REQUIRED ACTION
Below is a listing; retype exactly the line with "이마트 실적을 채워주는 조건으로 고이율 적금이 나왔다." and every line after it through the end, and only those, leaving out the pictures.

RECORDED DATA
--- START ---
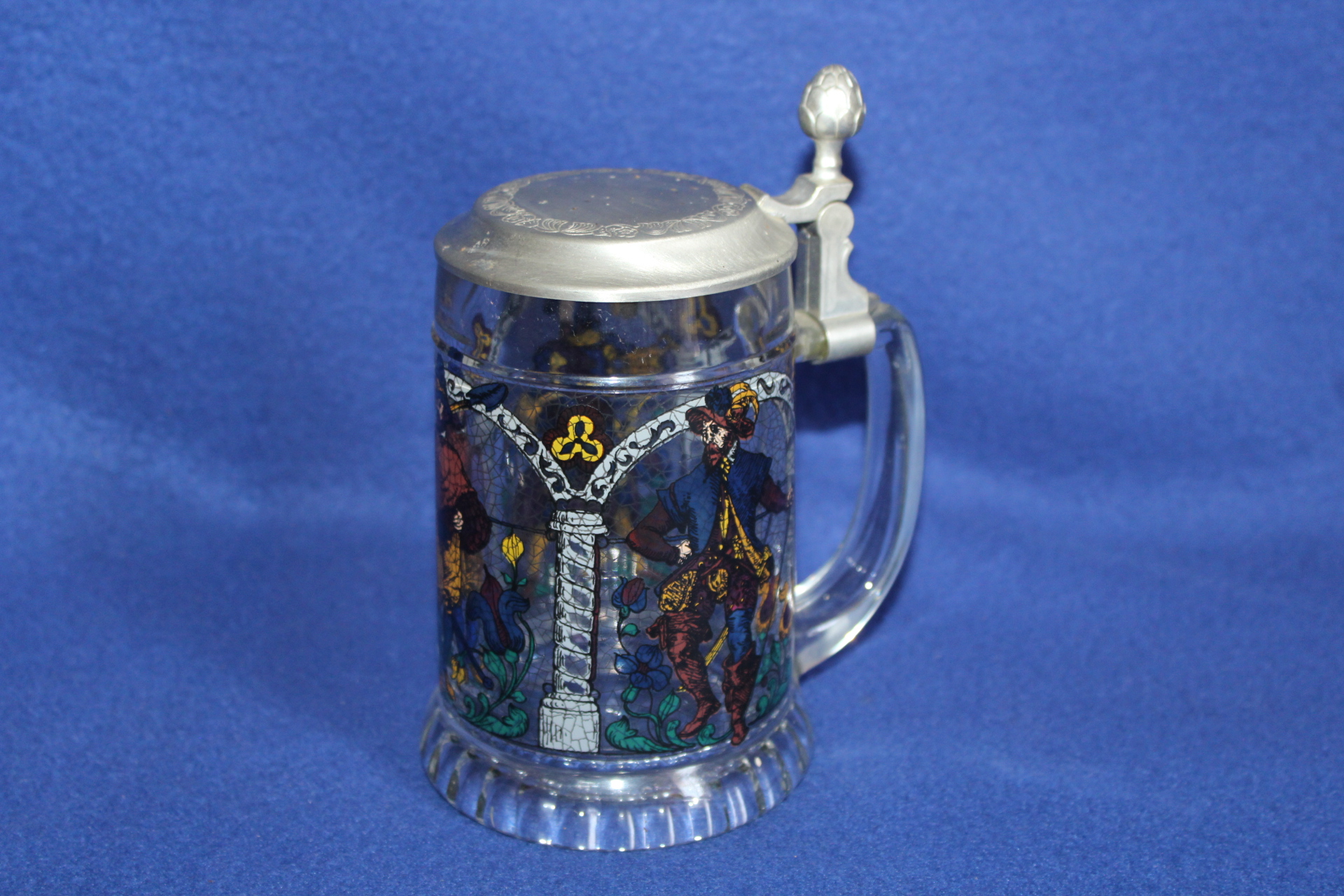 Starý korbel s víčkem, krásně zdobený, ručně malovaný, 18 cm výška.
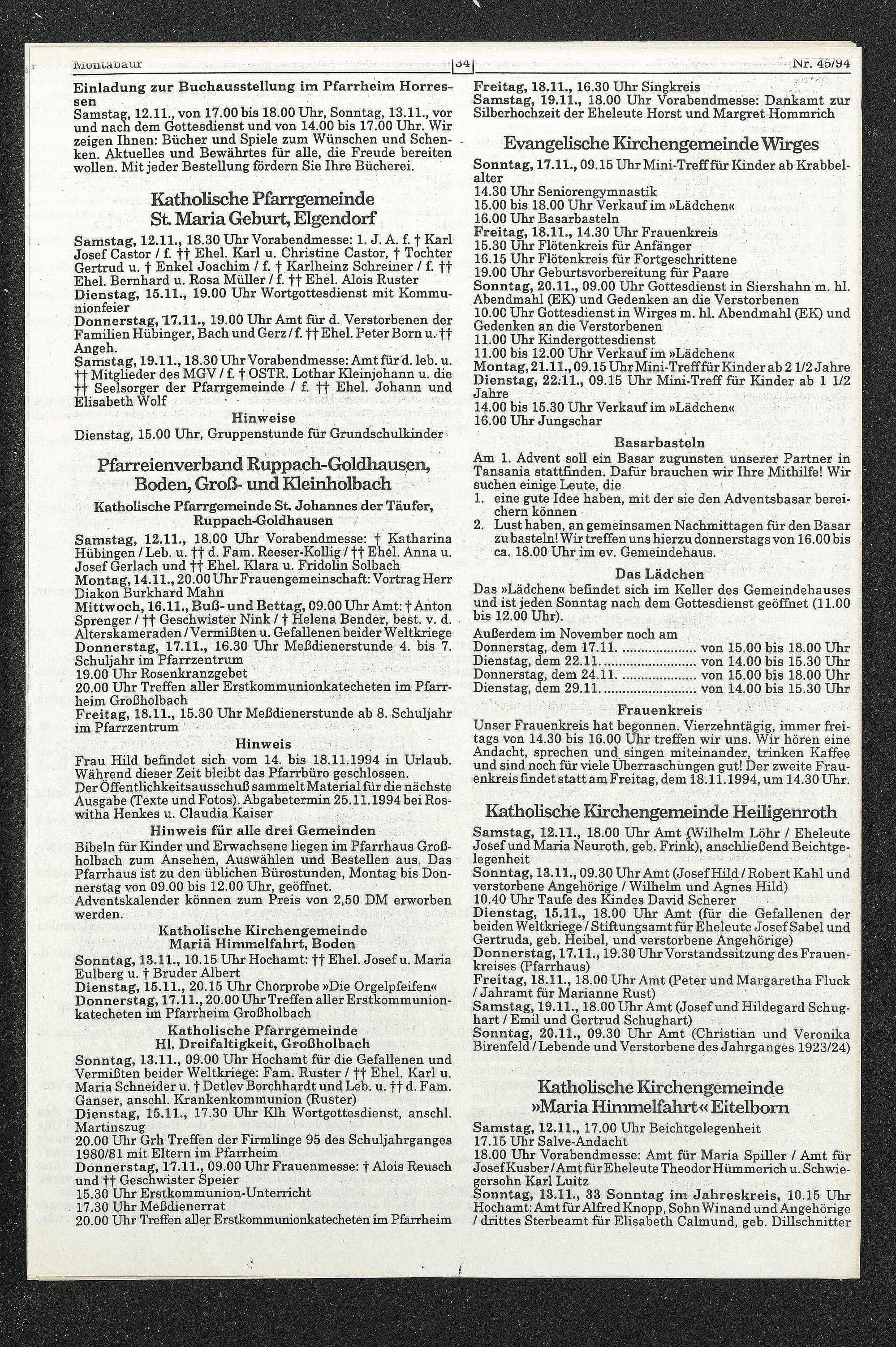 Frau Hild befindet sich vom 14. bis 18.11.1994 in Urlaub. Während dieser Zeit bleibt das Pfarrbüro geschlossen.
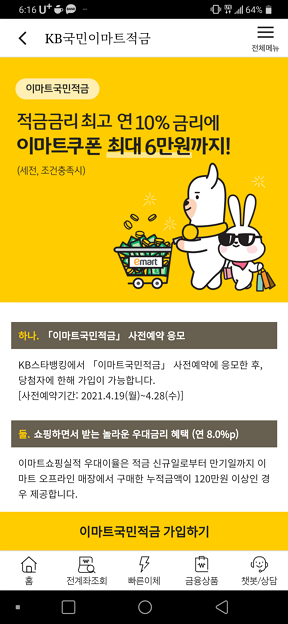 이마트 실적을 채워주는 조건으로 고이율 적금이 나왔다.
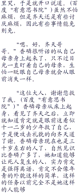 “妈妈原本已经死了的,是齐天哥哥给妈妈治好了伤,然后又救活了妈妈的。”香磷一边哭泣一边讲事情大概的讲给了自己的母亲。
--- END ---
PROBLEM SOLUTION
 이마트 실적을 채워주는 조건으로 고이율 적금이 나왔다.
 “妈妈原本已经死了的,是齐天哥哥给妈妈治好了伤,然后又救活了妈妈的。”香磷一边哭泣一边讲事情大概的讲给了自己的母亲。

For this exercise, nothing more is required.